* **AVAILABLE DATA**:
»»

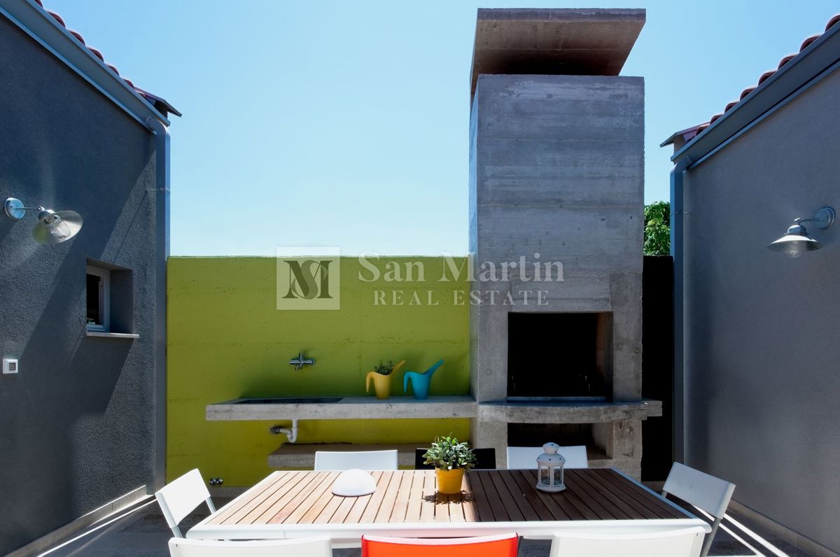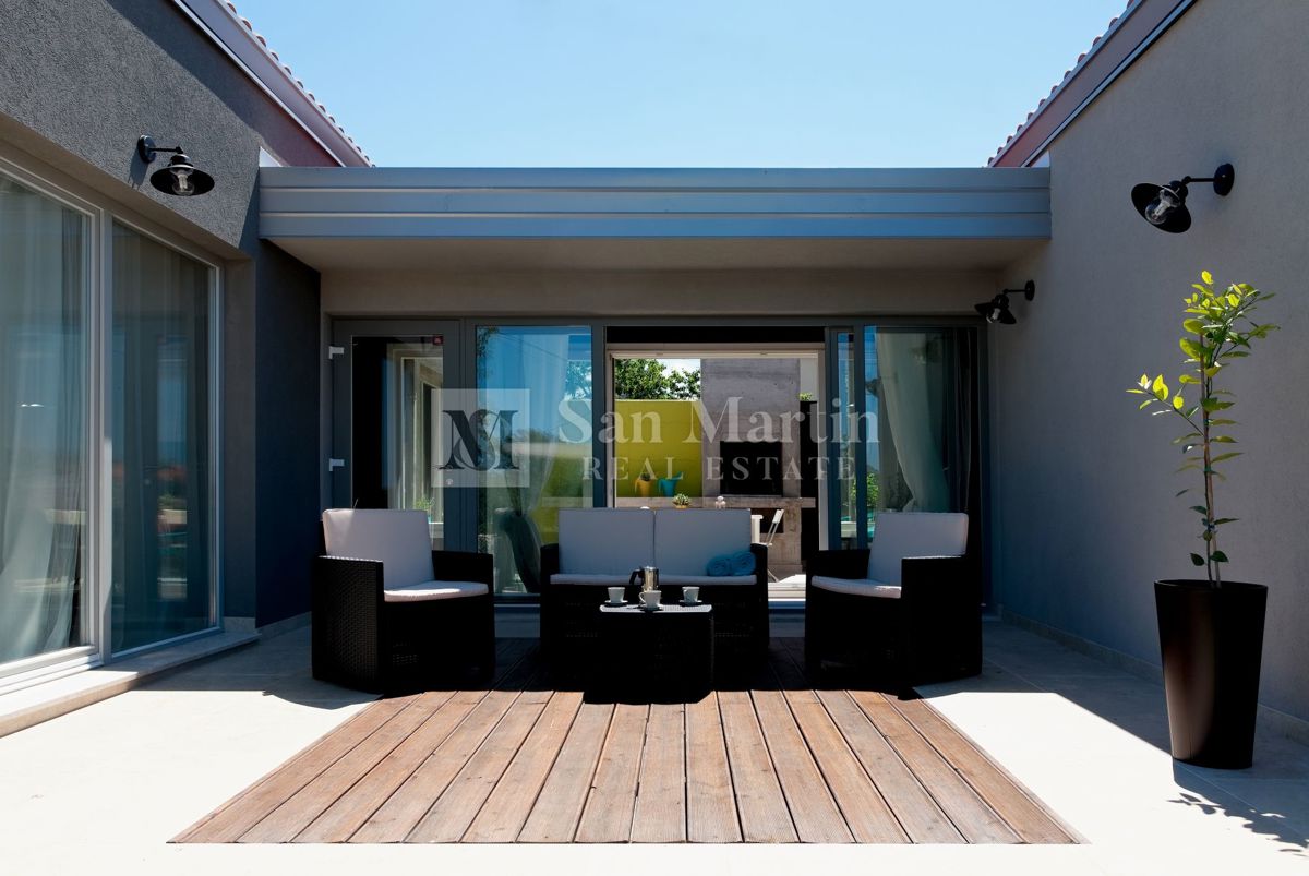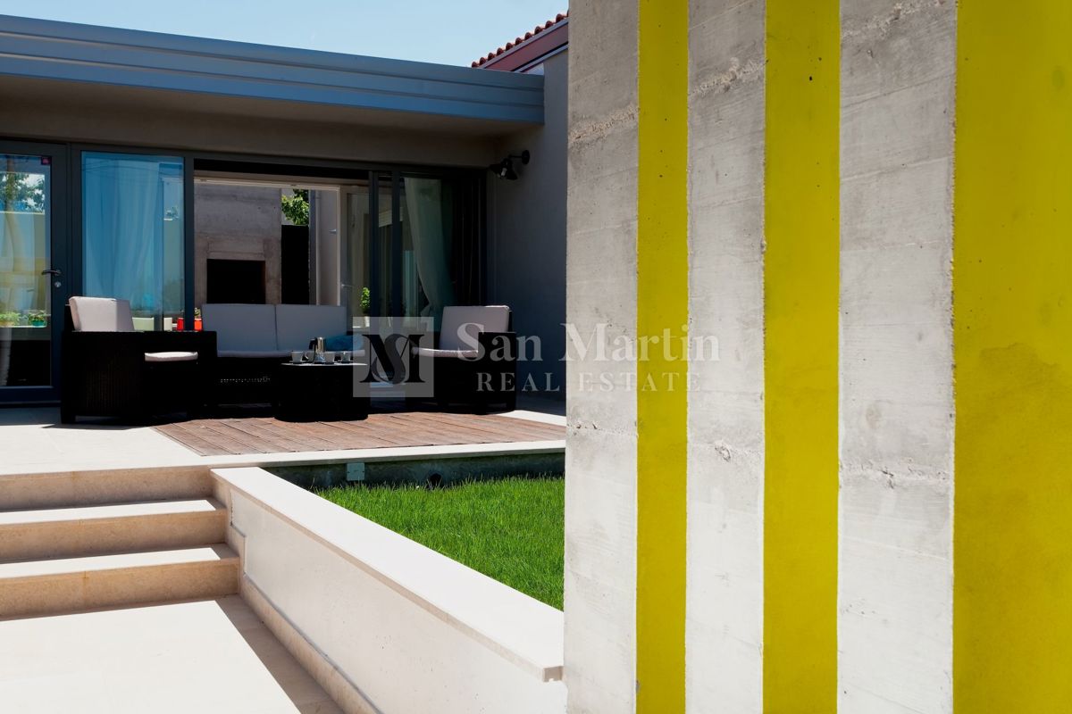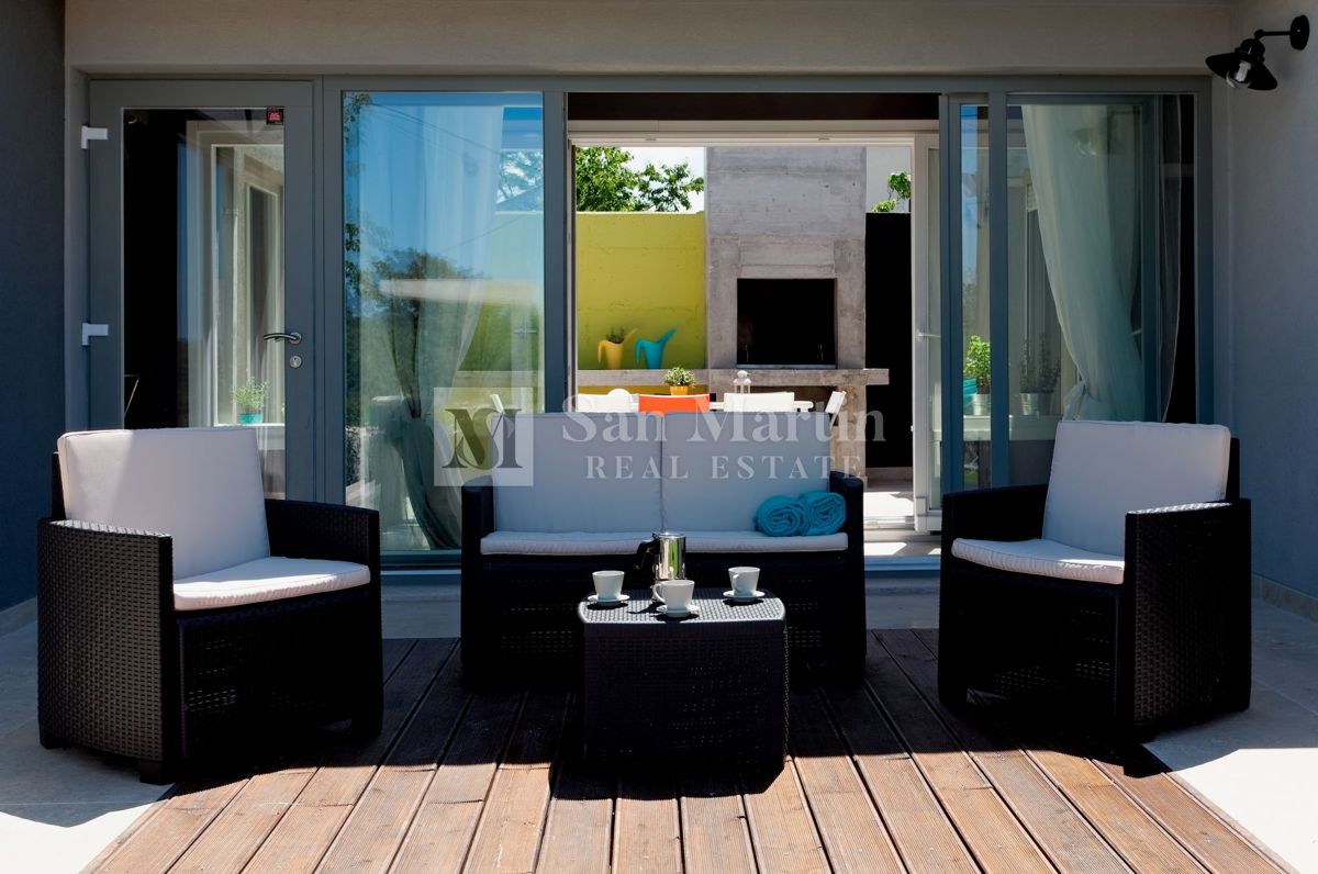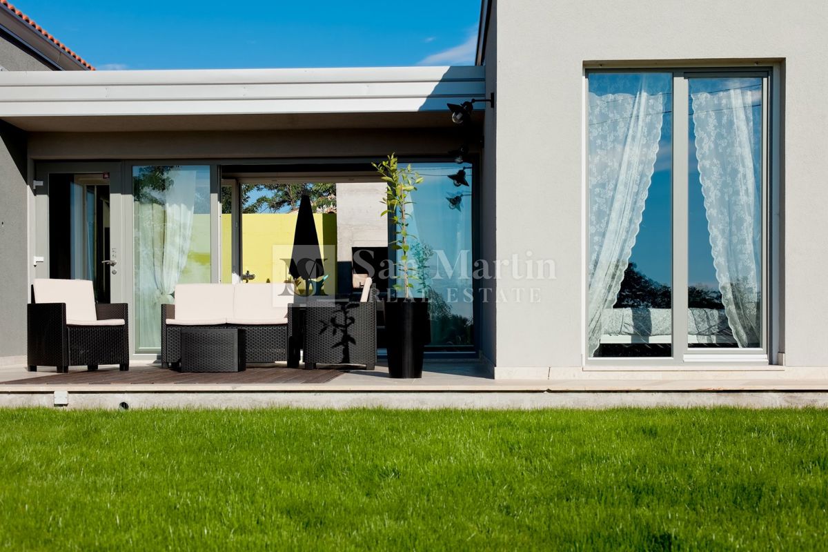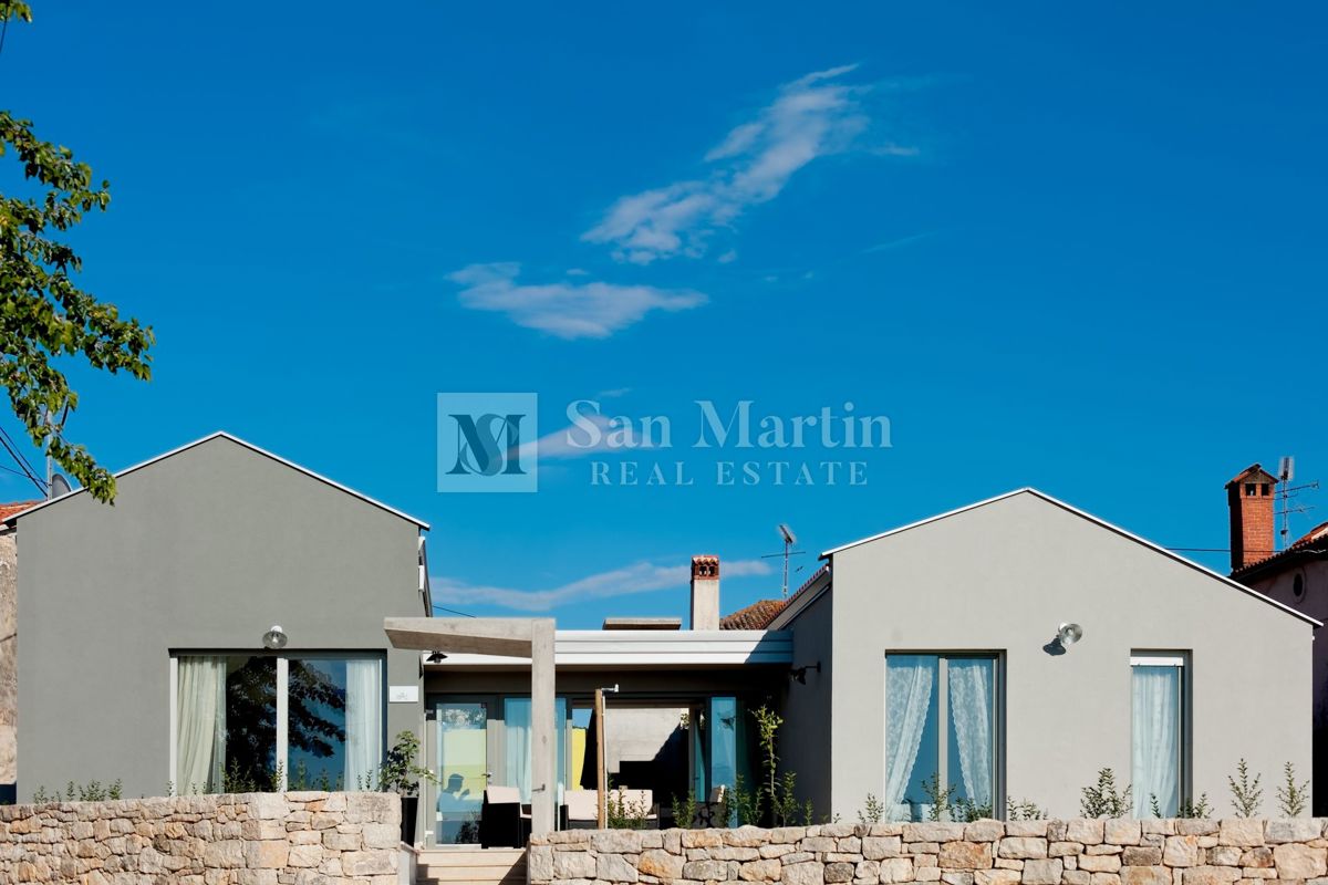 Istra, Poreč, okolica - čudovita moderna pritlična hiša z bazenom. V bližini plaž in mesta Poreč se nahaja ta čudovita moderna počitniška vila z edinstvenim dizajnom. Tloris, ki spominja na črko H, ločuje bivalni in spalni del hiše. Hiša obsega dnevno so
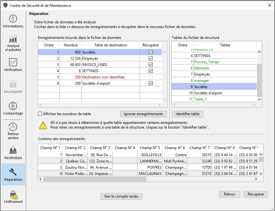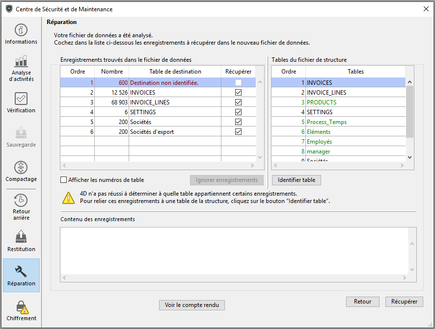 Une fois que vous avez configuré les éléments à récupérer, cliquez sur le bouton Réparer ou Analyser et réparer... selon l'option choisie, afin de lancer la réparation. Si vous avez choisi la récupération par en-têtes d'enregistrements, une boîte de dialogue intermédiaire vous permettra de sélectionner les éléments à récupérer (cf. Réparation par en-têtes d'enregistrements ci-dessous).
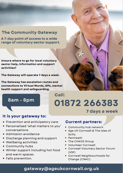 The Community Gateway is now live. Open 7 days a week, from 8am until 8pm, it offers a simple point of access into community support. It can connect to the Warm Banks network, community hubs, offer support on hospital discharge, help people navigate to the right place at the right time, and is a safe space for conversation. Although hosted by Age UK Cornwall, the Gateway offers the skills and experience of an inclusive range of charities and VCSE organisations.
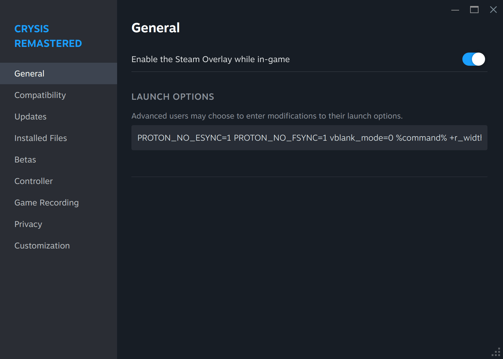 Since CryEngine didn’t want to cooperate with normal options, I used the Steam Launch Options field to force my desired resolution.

««

* **TASK STATEMENT**:
Restate word for word only the lines that run from the line holding "The Community Gateway" to the end of the data, both ends kept, leaving every picture out.

* **SOLUTION TO THIS TASK**:
 The Community Gateway is now live. Open 7 days a week, from 8am until 8pm, it offers a simple point of access into community support. It can connect to the Warm Banks network, community hubs, offer support on hospital discharge, help people navigate to the right place at the right time, and is a safe space for conversation. Although hosted by Age UK Cornwall, the Gateway offers the skills and experience of an inclusive range of charities and VCSE organisations.
 Since CryEngine didn’t want to cooperate with normal options, I used the Steam Launch Options field to force my desired resolution.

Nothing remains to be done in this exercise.